Para as lives, fiquei amarga. Aceitei a condição de pessoa em isolamento esperando o momento de ver, ao vivo, em carne e osso, as pessoas que admiro. Enquanto isso, sigo com as atividades solitárias por origem: meditação, leitura, lágrimas no chuveiro.

Fazia dias, não descascava mexerica no sol. Hoje fui, antes mesmo do almoço, quebrando minha própria regra, que já era uma quebra de regra. Antes do fim do mundo, eu nunca tinha tempo para descascar mexerica no sol mais de uma vez por semana.

Mas hoje acordei e ouvi barulho lá fora. Era um homem alto, parado no meio da rua, gritando o nome do seu Odílio, o mecânico. Ele saiu na calçada, o homem falou do motor, um terceiro se juntou à conversa e eu senti alegria em presenciar de longe uma pequena aglomeração, vozes animadas, conversa sobre carro, quilometragem, fumaça. Um lapso de normalidade numa manhã de sábado. Sentimento contrariado, no fundo a preocupação com a saúde de seu Odílio, mas, sobressaindo, a alegria. Quase sai para comprar um frango assado na padaria e celebrar a persistência da vida, mas lembrei que, por causa do feriado em São Paulo, a cidade está cheia e os riscos aumentam.

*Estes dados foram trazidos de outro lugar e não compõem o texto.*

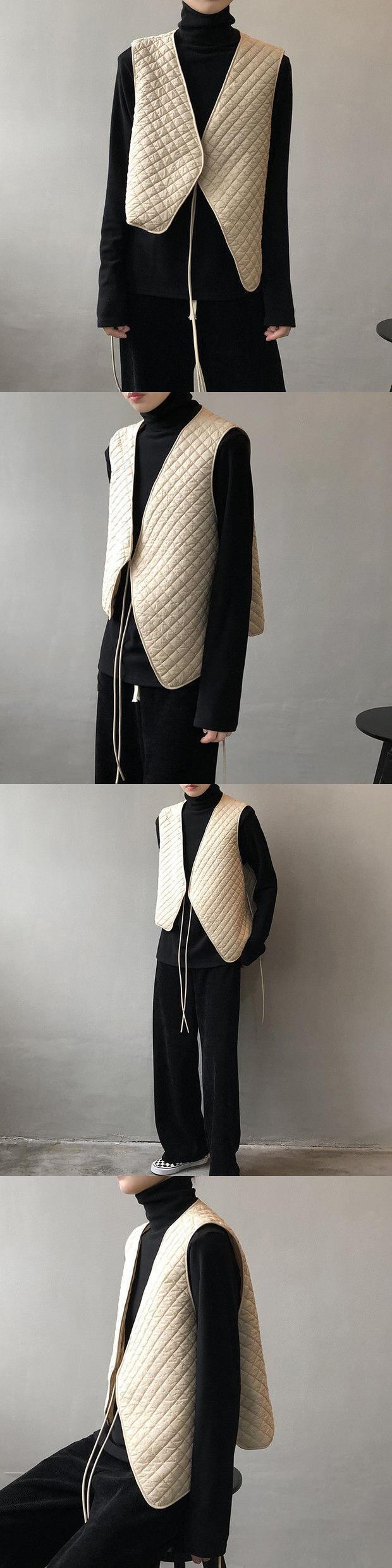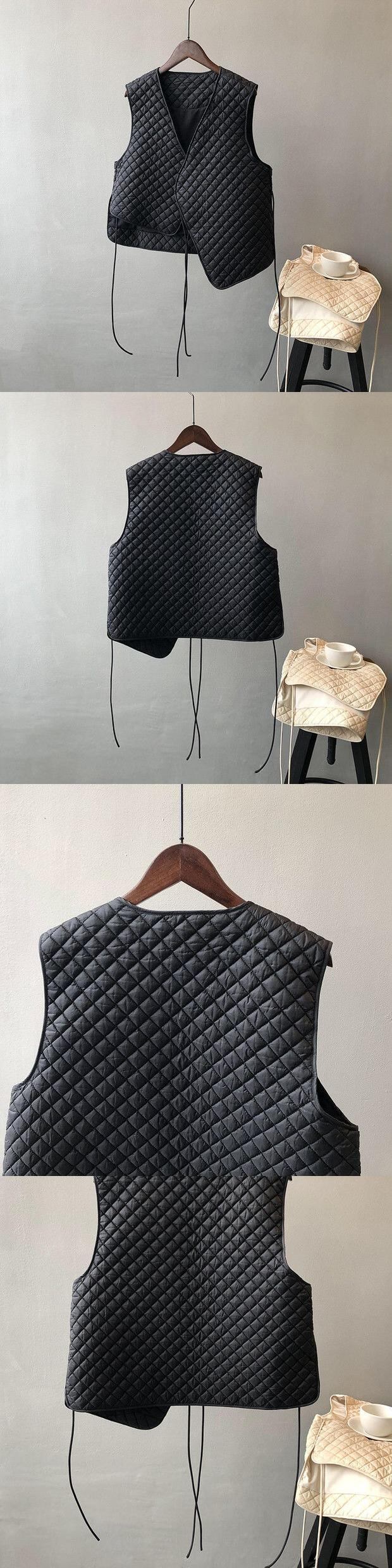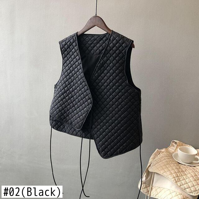 黒レースアップチョッキ秋ルーズトップス V ネックすべて一致ストリート薄いジャケット ブラック Vネック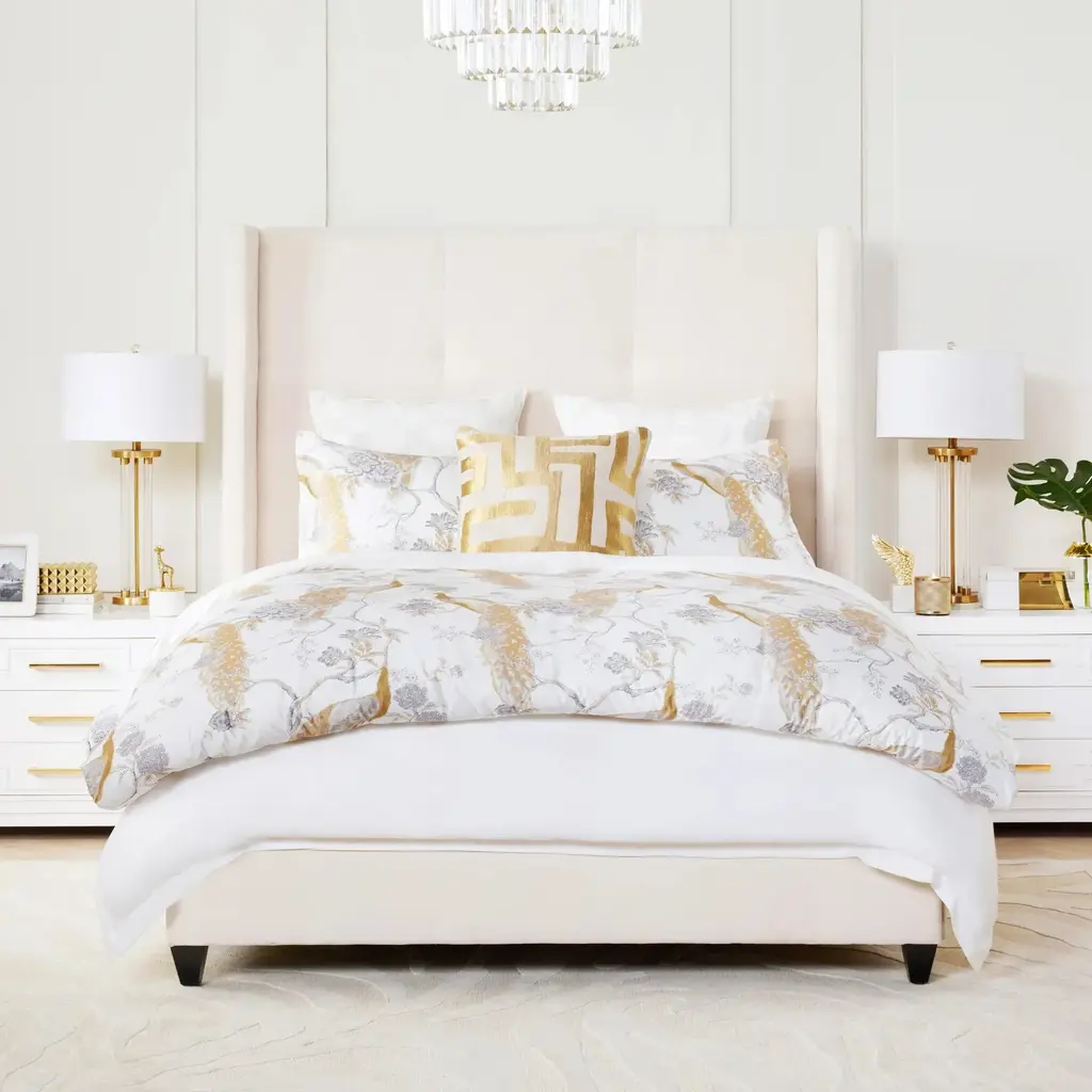 Artfully adorned with blooming branches and perched peacocks, our Pavo Collection is ideal for bringing a colorful, classical note to the bed. Made from lightweight, machine-washable satin in long-lasting, richly saturated hues, the bedding in this collection resists shrinking and fading while being silky soft to the touch with a glamorous sheen.Z Gallerie exclusive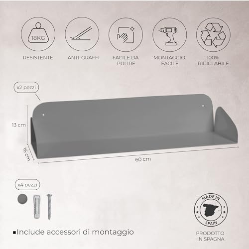 MILUKA Libreria da Parete Sospesa | Set 2 Mensole da Muro Design 60 cm | Libreria Scaffale | Mensole Libri Invisibili, Mensole Camaretta Bambina, Scaffale Cucina, Decorazioni Casa (Grigrio, 2 Pezzi)"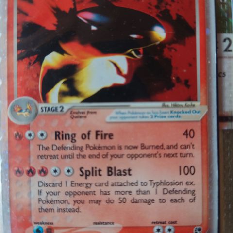 Jeg selger en holo Typhlosion Ex fra Sandstorm for 600 kroner. Jeg har også mye annet Pokemon til salgs, så ta gjerne en titt på mine andre annonser.

Tive a fase do relaxamento, confesso. Sai para correr, fui até a praia, alonguei-me na areia. Agora, tenho evitado as saídas desnecessárias. Ando irritada com os detalhes da nova rotina: colocar máscara, lavar máscara, passar, limpar cada sacola, cada produto que chega da rua. Tenho saudades de ir ao supermercado e sair de lá comendo um chocolate, sem me preocupar com as mãos limpas. Tenho vivido pequenos ciclos de foco e desistência, cansaço e esperança. Tenho tentado pensar na pequenas alegrias: os gatos, as plantas, aprender malabares, as cores do céu.

Tenho sentido saudades da minha família, dos meus amigos. Tenho trabalhado muito, o que é bom, ocupa o tempo, a mente. Comecei a escrever um livro, juro, um romance. Se vai sair, não sei. A todo momento, repito baixinho, só para mim: para situações inéditas, não há regas.